Member of Parliament for Wirral South
- In office 9 June 1983 – 3 November 1996
- Preceded by: Constituency established
- Succeeded by: Ben Chapman

Member of Parliament for Bebington and Ellesmere Port
- In office 3 May 1979 – 13 May 1983
- Preceded by: Alfred Bates
- Succeeded by: Constituency abolished

Personal details
- Born: George Barrington Porter 11 June 1939 Birkenhead, England
- Died: 3 November 1996 (aged 57) London, England
- Party: Conservative
- Spouse: Susan James ​ ​(m. 1965; sep. 1989)​
- Children: 5
- Alma mater: University College, Oxford (BA)
- Profession: Solicitor

= Barry Porter =

British lawyer and Conservative politician

George Barrington "Barry" Porter (11 June 1939 – 3 November 1996) was a British lawyer and Conservative Party politician who was the MP for Bebington and Ellesmere Port from 1979 to 1983, and then for Wirral South from 1983 until his death.

==Early life==
A native of Birkenhead, Porter was educated at Birkenhead School and went on to University College, Oxford, where he earned a degree in philosophy, politics and economics. He became a solicitor, working as a partner and later a consultant at Fanshaw Porter & Hazlehurst Solicitors in Birkenhead.

==Political career==
Porter was elected to the Birkenhead Borough Council in 1967, which was subsumed into the Wirral Council after 1974. He remained a councillor until 1979.
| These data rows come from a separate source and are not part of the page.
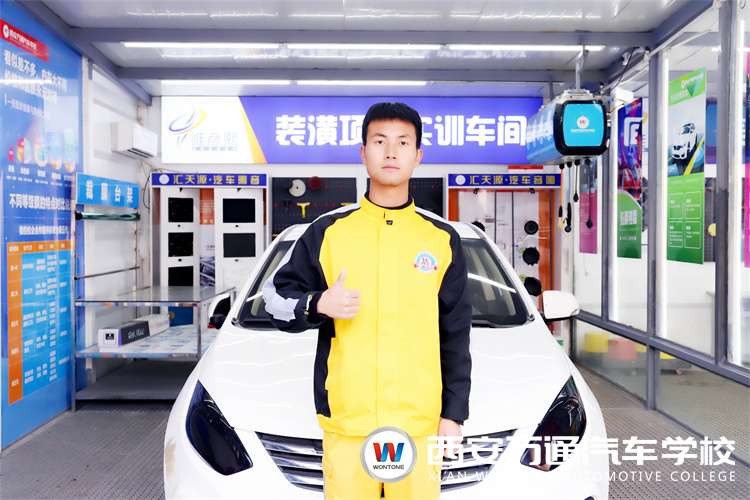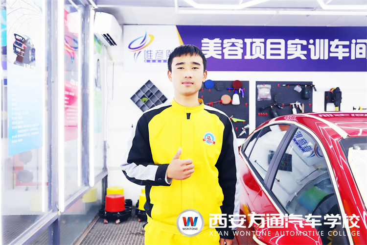 興趣是最好的老師。癡迷汽車,羅寬順是個不折不扣的汽車美容改裝愛好者,帶著一腔熱血來到了萬通學習。在美容實訓室里,他從基礎洗美開始學習,汽車車漆面打蠟、拋光、鍍膜、鍍晶、內飾清洗、以及發動機清洗、內飾翻新、內飾鍍膜等等,基礎課程完成后,又開始了進階課程:音響加裝、汽車隔音,包括疝氣燈、大燈改色、星空頂等改裝技術的學習,每一個課程他都在實訓室里充分上手練習將技術融會貫通。他說,從來沒想到一輛炫酷的改裝車背后原來有這么多的技術加持,也非常期待學成之后能夠親自動手去設計改裝屬于自己的車!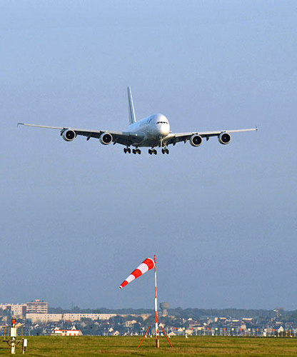 图为11月11日,空中客车A380飞机降落在法国巴黎奥利机场。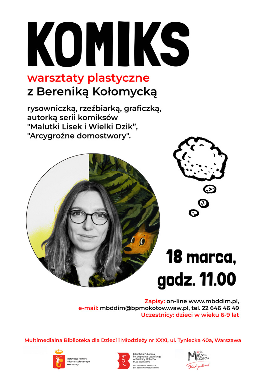 Lubicie pięknie namalowane i świetnie napisane komiksy? Czy znacie serię „Malutki Lisek i Wielki Dzik” i „Arcygroźne domostwory”? Zapraszamy dzieci w wieku 6-9 lat na warsztaty plastyczne z Bereniką Kołomycką, autorką komiksów, rysowniczką, rzeźbiarką i graficzką. Razem stworzymy własne komiksowe historie!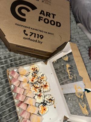 - Промокод дает право на скидку до 68% на суши-сеты, поке, горячие блюда, супы, салаты, роллы, гунканы, нигири, пицца, пинса от "ART FOOD"

===Member of Parliament===
Porter contested a number of parliamentary constituencies before he found success. He was the Conservative candidate at a by-election for Liverpool Scotland in 1971, Newton in the February 1974 general election, and Chorley in October 1974. Ahead of the 1979 general election, he unsuccessfully sought selection in the safe Conservative seat of Morecambe and Lonsdale. Instead, he was elected in 1979 as the MP for Bebington and Ellesmere Port. After boundary changes for the 1983 election, he was returned for the new constituency of Wirral South.

The Times said about Porter's politics:

His vigorous right-wing populism—it was characteristic that he advocated both cricket and rugby tours of South Africa while apartheid was still in force—did not find an entirely comfortable home at Westminster even under Margaret Thatcher. Although he started off by admiring her, he came to feel it was time for her to "hang up her boots", and in 1990 he emerged as one of Michael Heseltine's more supervising supporters.

Porter believed that his role in Thatcher's downfall would end his political career, and there was an effort to deselect him ahead of the 1992 general election, but it was unsuccessful.

Porter was a member of the Transport Select Committee from 1979 to 1983. In 1985, he joined the Trade and Industry Select Committee. In 1980, he was mailed a letter bomb after speaking out against the Provisional Irish Republican Army and Sinn Féin during a parliamentary debate, but it was intercepted before delivery.

==Personal life and death==
Porter married Susan James in 1965, and they had five children. His wife worked as his secretary in the Commons, which she continued to do even after they separated in 1989.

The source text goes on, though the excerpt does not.